Start of Block
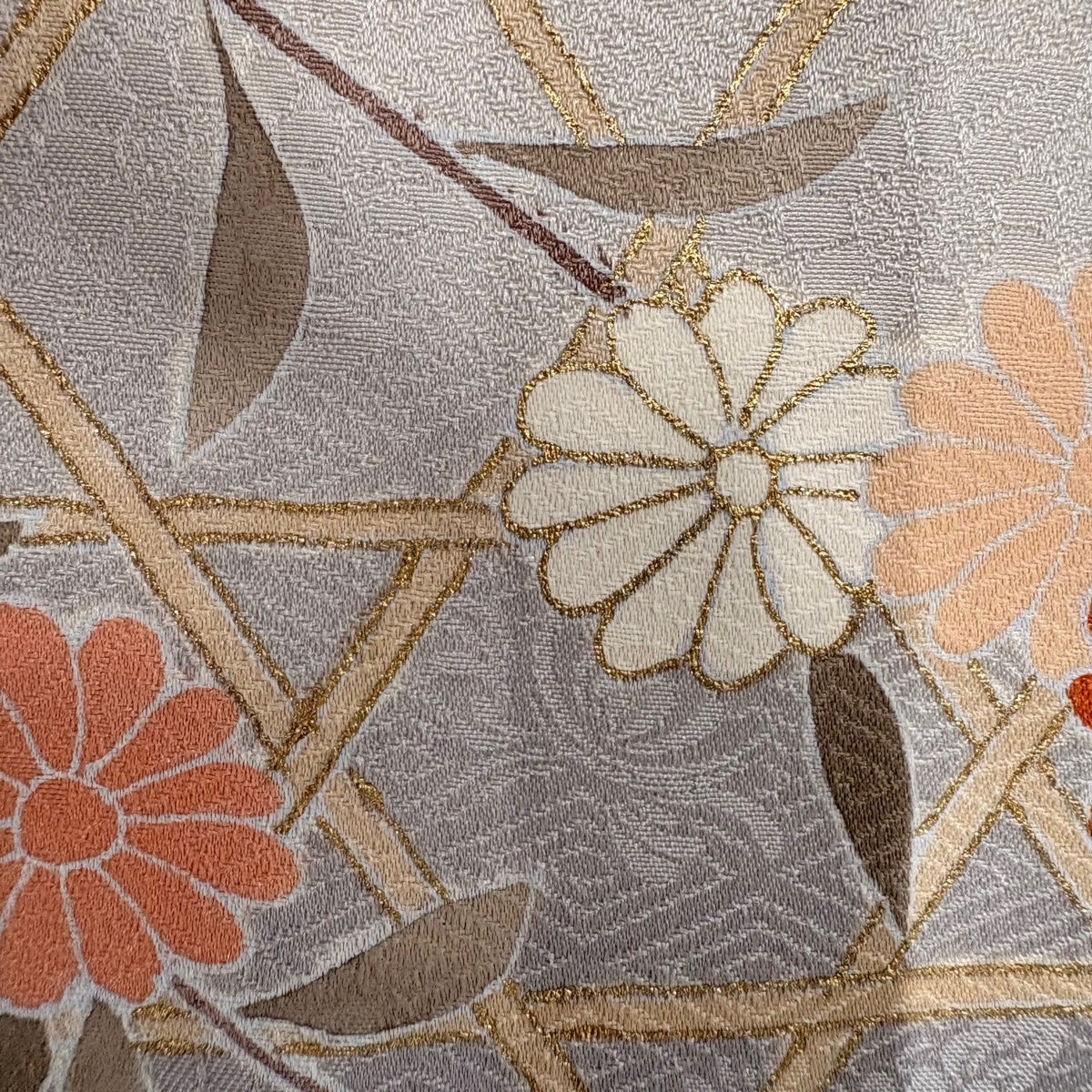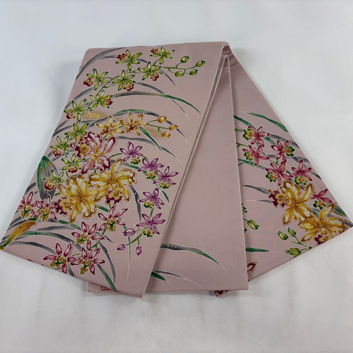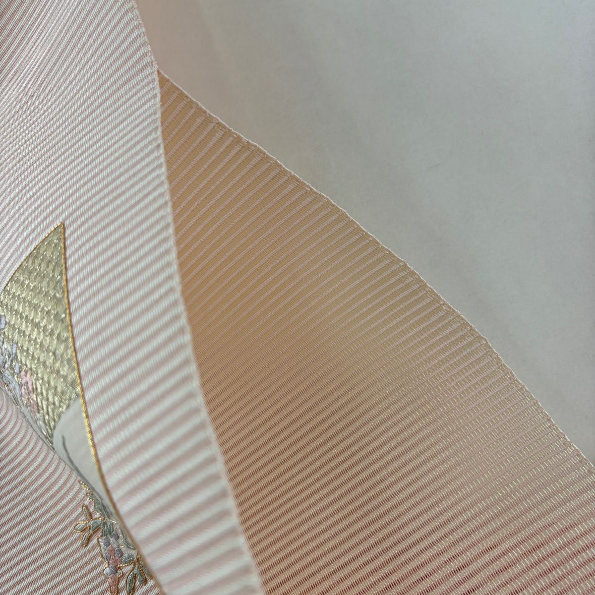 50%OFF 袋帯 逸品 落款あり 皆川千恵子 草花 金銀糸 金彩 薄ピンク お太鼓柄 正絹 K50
End of Block
Start of Block
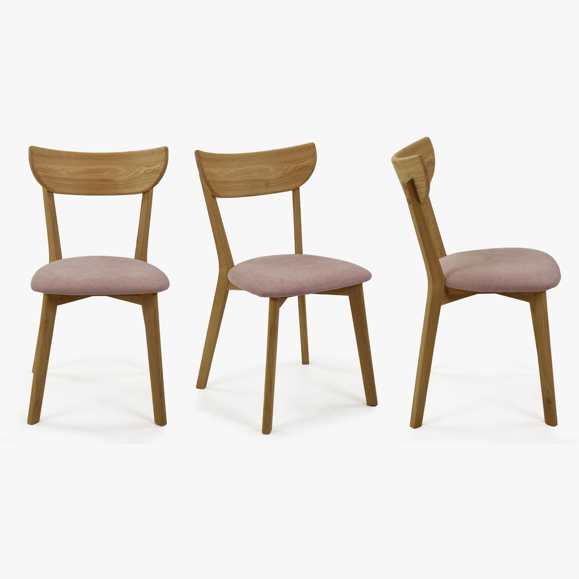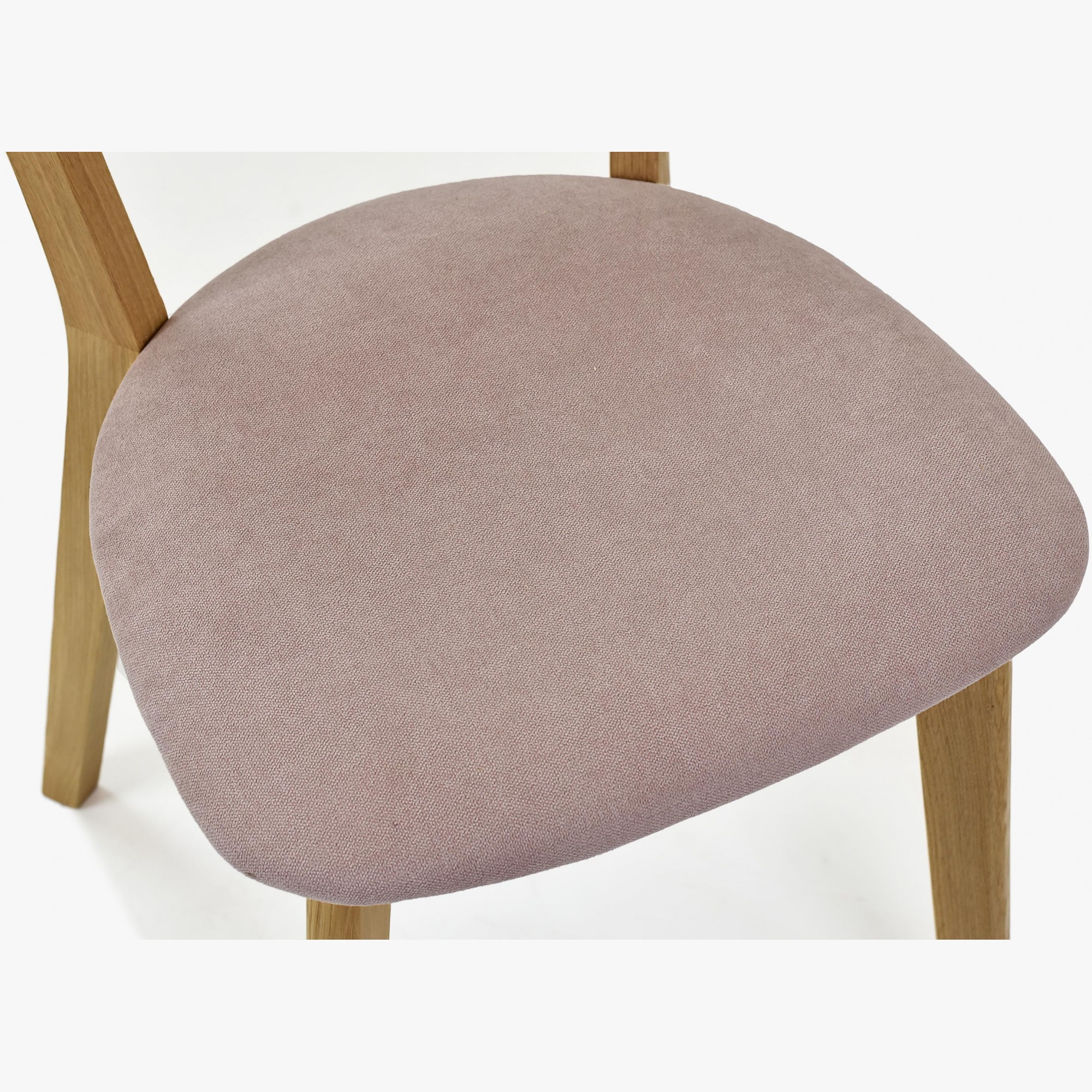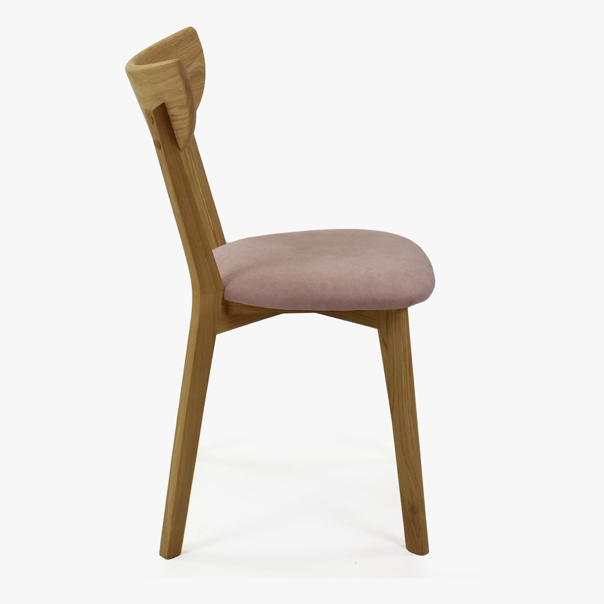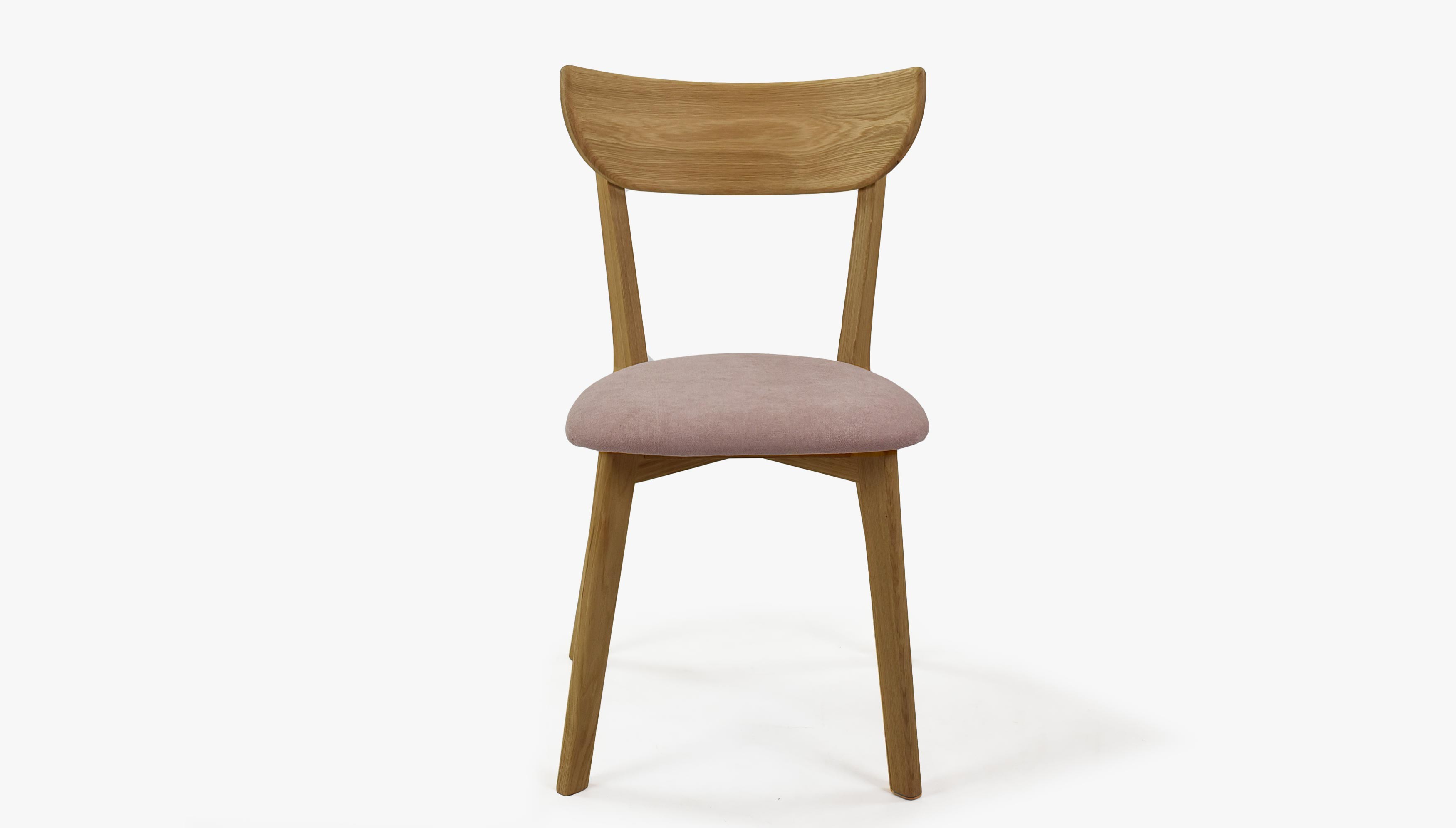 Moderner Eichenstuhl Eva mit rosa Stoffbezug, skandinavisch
End of Block
Start of Block
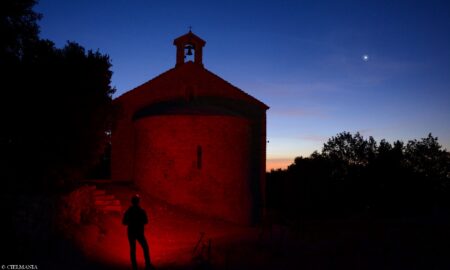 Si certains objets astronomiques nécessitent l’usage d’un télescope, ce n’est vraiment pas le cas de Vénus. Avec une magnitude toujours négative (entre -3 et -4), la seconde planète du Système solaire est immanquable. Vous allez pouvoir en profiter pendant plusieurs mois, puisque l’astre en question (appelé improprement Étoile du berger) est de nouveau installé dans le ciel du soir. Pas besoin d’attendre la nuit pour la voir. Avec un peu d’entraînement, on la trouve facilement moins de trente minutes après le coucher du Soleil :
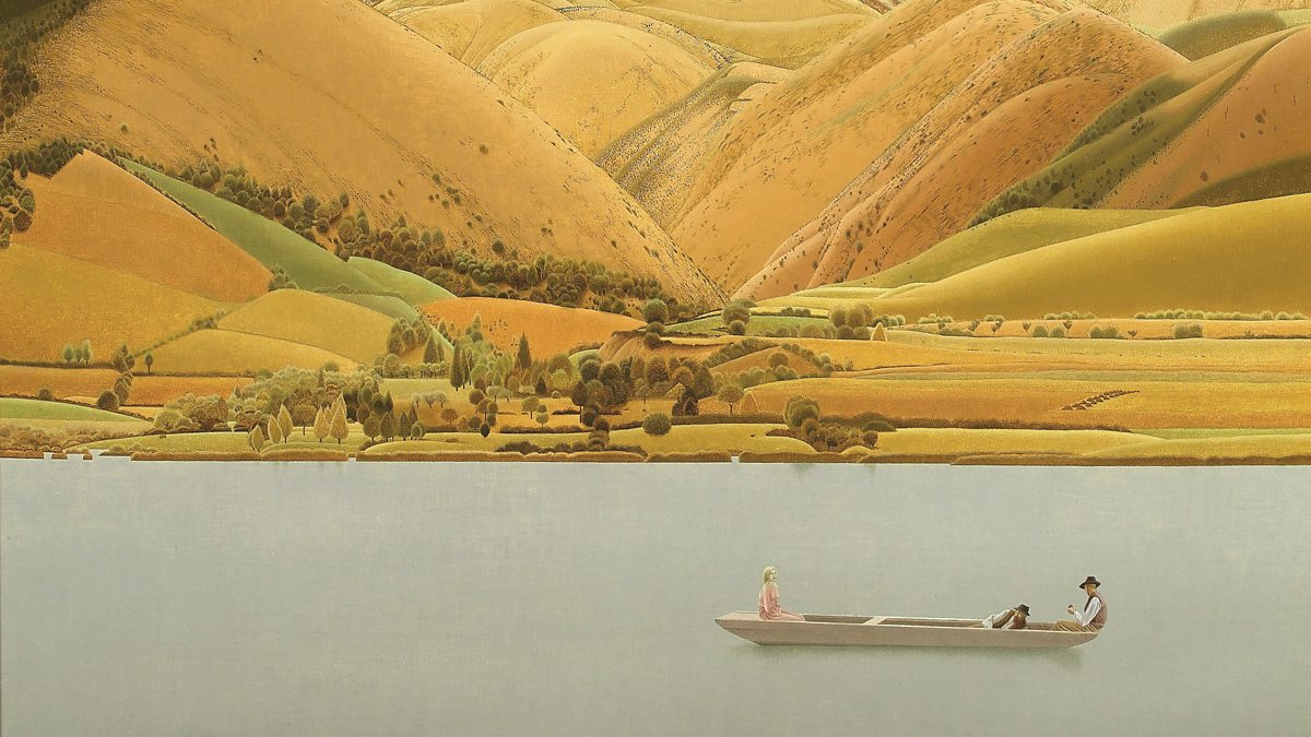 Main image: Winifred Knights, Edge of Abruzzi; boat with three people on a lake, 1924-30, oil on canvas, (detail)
End of Block
Using the entries above, repeat exactly the lines from the one with "Si certains objets" to the one with "Main image: Winifred", both included, and leave the pictures behind.

## RESPONSE TO THE TASK
 Si certains objets astronomiques nécessitent l’usage d’un télescope, ce n’est vraiment pas le cas de Vénus. Avec une magnitude toujours négative (entre -3 et -4), la seconde planète du Système solaire est immanquable. Vous allez pouvoir en profiter pendant plusieurs mois, puisque l’astre en question (appelé improprement Étoile du berger) est de nouveau installé dans le ciel du soir. Pas besoin d’attendre la nuit pour la voir. Avec un peu d’entraînement, on la trouve facilement moins de trente minutes après le coucher du Soleil :
 Main image: Winifred Knights, Edge of Abruzzi; boat with three people on a lake, 1924-30, oil on canvas, (detail)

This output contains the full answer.